Welcome to Microsoft Pri0: That's Microspeak for top priority, and that's the news and observations you'll find here from Seattle Times reporter Sharon Chan.
September 16, 2008 8:58 AM
Posted by Benjamin J. Romano
Cray just announced a $25,000 to $80,000 high-performance computer, the CX1, targeted at a broader market of scientists, business analysts, engineers and others whose data-intensive work increasingly demands more computing horse power. The Seattle super-computer maker is loading the CX1 with Windows HPC Server 2008, Microsoft's latest high-performance computing operating system. The CX1 is built on Intel Xeon processors.
The companies hope this will help push high-performance computing into the mainstream. The CX1 is designed to sit under or beside a desk or lab bench. It does not require special power, cooling or a dedicated computer room and Cray aims to reduce the need for IT staff to operate and maintain it.
Several trends are driving the demand for -- and ability of computer makers to provide -- this type of system.
IDC reports that the high-performance computing market grew 19 percent a year in the last four years, reaching nearly $12 billion in 2007. Top buyers include the biosciences, computer aided engineering and defense.
Hewlett-Packard, Dell and IBM are all competitors in the market, said IDC analyst Earl Joseph.
Kyril Faenov, general manager of high-performance computing at Microsoft, said the "cycle of innovation" in many industries has come to rely on computing power. Scientific experiments, simulations and observations in myriad fields are generating petabytes of data that can overwhelm less powerful system's ability to process it.
"Information needs to be processed, needs to be mined for new insights," Faenov said.
He said Windows HPC Server 2008 is designed to allow IT professionals and researchers to use existing expertise in Windows to run high-performance computers. As Mary Jo Foley notes, Microsoft "is positioning the product as an alternative to Linux, which has gained a solid following in the high-end computing market."
Faenov called the CX1 the perfect offering "to democratize high-performance computing and accelerate innovation for a broader set of users."
The CX1 will be the first Cray product that can be configured and purchased online, starting today. (It will begin shipping in four to six weeks.)
The company is aiming for ease of deployment, sending the entire system in no more than six boxes. Cables will be color-coded and software pre-installed. In addition to Windows HPC Server, the CX1 supports Redhat Linux.
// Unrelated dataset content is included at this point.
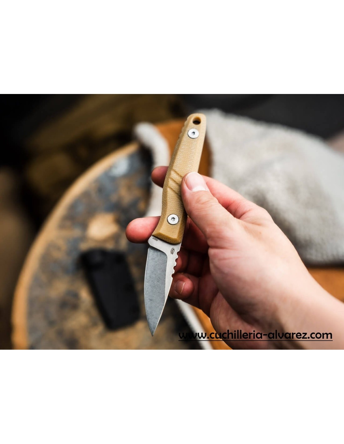 Con una longitud de hoja inferior a 6 cm, el Böker Plus Five Point Nine, del que toma su nombre, está muy por debajo del límite de 12 cm establecido por la Ley de Armas alemana y, por lo tanto, puede llevarse como un cuchillo de hoja fija sin ningún reparo. Esta pequeña potencia no necesita esconderse de sus homólogos más grandes, como lo demuestra su robusta construcción de espiga completa y sus características probadas: una hoja de punta caída hecha de acero 440C con un acabado lavado a la piedra y cachas de mango convexas hechas de Micarta marrón claro . Thomas Krug, un artista profesional del tatuaje personalizado de MBF Messer (Mein Bester Freund) en Alemania, demuestra su habilidad no solo con su aguja, sino que también infunde su sentido de la estética en el diseño de este cuchillo de hoja fija. Las distintivas ranuras bordean el lomo de la hoja y la parte trasera del mango para una sensación y un control excepcionales, mientras que las cachas del mango atornilladas presentan hendiduras similares a branquias. La forma y las características de la hoja hacen del Five Point Nine el cuchillo de repuesto o de cuello ideal para el uso diario. Incluye un orificio para cordón y una funda de Kydex a medida.

Cray is also including noise-canceling features to make the system more office friendly.
The CX1 will support up to 64 processor cores of up to 3.4 gigaherz each. It will have a peak performance of 786 gigaflops.
One gigaflops is a billion floating-point operations per second. In 1991, Cray had a supercomputer that could hit 10 gigaflops at a cost of $40 million.
Today, the world's fastest super computer, the Roadrunner, a joint effort of IBM and Los Alamos National Laboratory, topped out at 1,000 trillion calculations per second in June. It costs about $100 million.